4 boneless, skinless chicken breast pieces (3 whole
breasts), about 11/2 pounds
4 thick slices ripe tomato
Salt and freshly ground black pepper
12 fresh tarragon leaves or about 1/2 teaspoon dried
tarragon, or use basil, chervil, or dill
About 2 tablespoons extra virgin olive oil
Freshly squeezed lime juice
MAKES: 4 servings
TIME: 1 hour
- Heat the oven to 450 F. Tear off two 1-foot-square pieces of aluminum foil and put one on top of the other (the more traditional parchment paper is, of course, also acceptable). Put a chicken cutlet on the foil; top with a slice of a tomato, sprinkle with salt, pepper, and tarragon, and add a drizzle of oil and lime juice. Seal the package and repeat the process. Alternatively, layer all the ingredients neatly in a Dutch oven or covered baking dish. (At this point, you may refrigerate the packages or dish for up to 4 hours before proceeding.)
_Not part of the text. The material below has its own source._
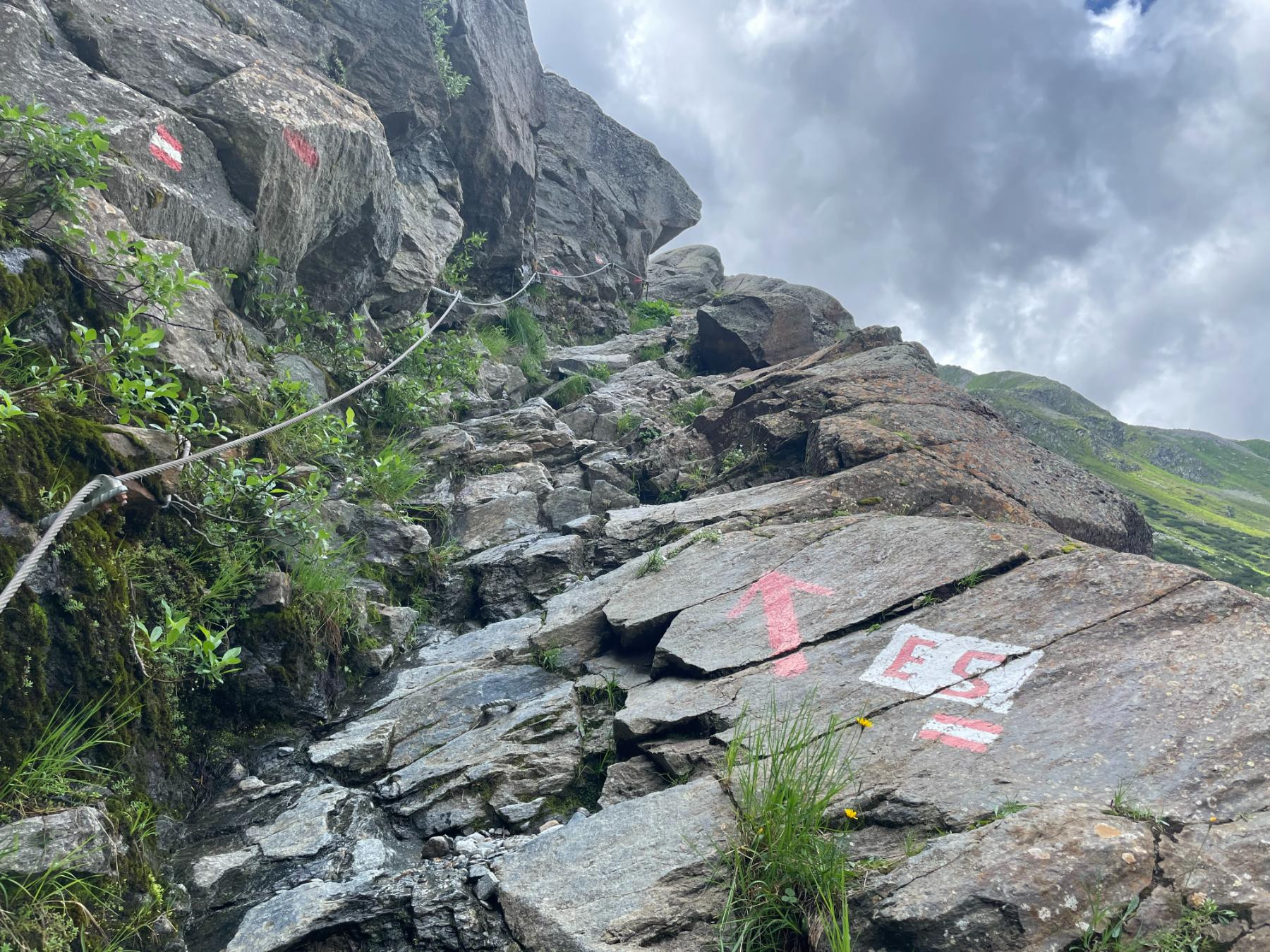 Die Alpenüberquerung auf dem E5 von Hütte zu Hütte von Oberstdorf nach Meran erfordert Kondition für Gehzeiten von 8 bis 9 Stunden pro Tag. Du musst Aufstiege bis 1.300 Höhenmeter, Abstiege bis 2.000 Höhenmeter sowie Gehstrecken bis 20 km bewältigen. Die Route führt teils durch alpines Gelände mit Schneefeldern oder rutschigem Geröll. Kurze Stellen sind mit Drahtseilen versichert. Deshalb solltest du Bergwandererfahrung haben. Trittsicherheit und Schwindelfreiheit sind notwendig.

- Put the packages in a large baking dish and bake for about 20 minutes; the chicken will be white and tender when finished. If you’re cooking in a baking dish, check after 15 minutes. Serve closed packages, allowing each diner to open his or her own at the table.
- Chicken Cutlets with Broccoli and Sun-Dried Tomatoes in
Packages.
- Substitute a small piece of oil-cured sundried tomato and 2 or 3 small broccoli florets for the ripe tomato. Use marjoram, thyme, or oregano for the herb and substitute freshly squeezed lemon juice for lime juice.
- Chicken Cutlets with Grated Vegetables in Packages.
- Mix together about 1/2 cup each (3 cups total) of mixed grated vegetables, such as carrots, zucchini or summer squash, onion, potatoes, turnips, sweet potatoes, or winter squash and use this as the first layer. Use the tomato if in season. Sprinkle a few drops of balsamic or other vinegar over the top; omit the lime juice.